_Work item_
Give back exactly the lines of the entries below from the line with "49 Oil/water cooler" to the line with "The Ronix Divide", inclusive, and only those.

** Opening Provided records block **

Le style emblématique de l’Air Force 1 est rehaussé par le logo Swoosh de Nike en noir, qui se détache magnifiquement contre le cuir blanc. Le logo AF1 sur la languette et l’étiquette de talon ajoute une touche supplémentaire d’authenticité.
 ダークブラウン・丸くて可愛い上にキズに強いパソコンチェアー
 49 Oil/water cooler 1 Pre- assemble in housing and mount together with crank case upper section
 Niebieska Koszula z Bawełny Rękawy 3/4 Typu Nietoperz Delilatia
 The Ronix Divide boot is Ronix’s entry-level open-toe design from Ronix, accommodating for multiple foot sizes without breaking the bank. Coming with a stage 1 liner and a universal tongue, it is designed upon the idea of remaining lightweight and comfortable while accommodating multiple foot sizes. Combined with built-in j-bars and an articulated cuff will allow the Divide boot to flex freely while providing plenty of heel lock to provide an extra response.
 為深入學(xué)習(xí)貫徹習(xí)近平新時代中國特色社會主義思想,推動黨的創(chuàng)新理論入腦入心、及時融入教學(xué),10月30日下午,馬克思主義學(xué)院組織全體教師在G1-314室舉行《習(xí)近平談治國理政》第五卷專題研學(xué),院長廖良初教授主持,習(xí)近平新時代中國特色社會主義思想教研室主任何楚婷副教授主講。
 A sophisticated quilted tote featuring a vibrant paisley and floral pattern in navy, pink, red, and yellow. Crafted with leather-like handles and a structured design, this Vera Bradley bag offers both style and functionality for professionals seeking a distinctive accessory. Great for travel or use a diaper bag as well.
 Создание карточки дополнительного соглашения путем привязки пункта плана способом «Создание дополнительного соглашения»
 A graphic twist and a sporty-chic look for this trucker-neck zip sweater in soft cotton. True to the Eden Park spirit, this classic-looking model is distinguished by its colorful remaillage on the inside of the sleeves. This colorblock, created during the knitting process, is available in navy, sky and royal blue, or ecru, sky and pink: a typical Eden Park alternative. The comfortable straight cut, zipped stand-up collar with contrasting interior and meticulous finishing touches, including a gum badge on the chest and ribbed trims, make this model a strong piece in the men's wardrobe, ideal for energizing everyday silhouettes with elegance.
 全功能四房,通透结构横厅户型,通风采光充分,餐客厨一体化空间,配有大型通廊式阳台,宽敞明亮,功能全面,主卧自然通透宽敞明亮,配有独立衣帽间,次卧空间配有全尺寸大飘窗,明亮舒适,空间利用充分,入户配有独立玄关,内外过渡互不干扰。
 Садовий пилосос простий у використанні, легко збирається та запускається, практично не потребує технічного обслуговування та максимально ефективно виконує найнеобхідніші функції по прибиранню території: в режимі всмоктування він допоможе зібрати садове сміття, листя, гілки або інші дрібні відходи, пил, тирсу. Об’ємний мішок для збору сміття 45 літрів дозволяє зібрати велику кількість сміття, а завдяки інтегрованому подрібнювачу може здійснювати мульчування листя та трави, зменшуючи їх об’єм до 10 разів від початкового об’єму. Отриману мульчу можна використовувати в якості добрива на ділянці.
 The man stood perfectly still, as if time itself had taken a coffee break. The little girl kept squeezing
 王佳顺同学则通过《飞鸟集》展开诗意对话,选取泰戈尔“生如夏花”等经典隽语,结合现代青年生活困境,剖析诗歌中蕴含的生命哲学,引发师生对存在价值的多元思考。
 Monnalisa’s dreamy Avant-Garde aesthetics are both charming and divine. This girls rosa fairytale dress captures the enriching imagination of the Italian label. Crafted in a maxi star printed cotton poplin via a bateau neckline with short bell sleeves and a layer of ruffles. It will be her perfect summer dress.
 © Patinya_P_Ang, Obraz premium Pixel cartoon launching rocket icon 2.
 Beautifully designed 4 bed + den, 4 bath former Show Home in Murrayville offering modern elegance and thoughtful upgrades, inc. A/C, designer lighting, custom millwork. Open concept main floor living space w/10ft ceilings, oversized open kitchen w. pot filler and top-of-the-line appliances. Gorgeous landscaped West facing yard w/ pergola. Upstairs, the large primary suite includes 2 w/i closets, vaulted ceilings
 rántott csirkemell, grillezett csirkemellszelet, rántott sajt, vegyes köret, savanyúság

** Closing Provided records block **

_Final answer_
 49 Oil/water cooler 1 Pre- assemble in housing and mount together with crank case upper section
 Niebieska Koszula z Bawełny Rękawy 3/4 Typu Nietoperz Delilatia
 The Ronix Divide boot is Ronix’s entry-level open-toe design from Ronix, accommodating for multiple foot sizes without breaking the bank. Coming with a stage 1 liner and a universal tongue, it is designed upon the idea of remaining lightweight and comfortable while accommodating multiple foot sizes. Combined with built-in j-bars and an articulated cuff will allow the Divide boot to flex freely while providing plenty of heel lock to provide an extra response.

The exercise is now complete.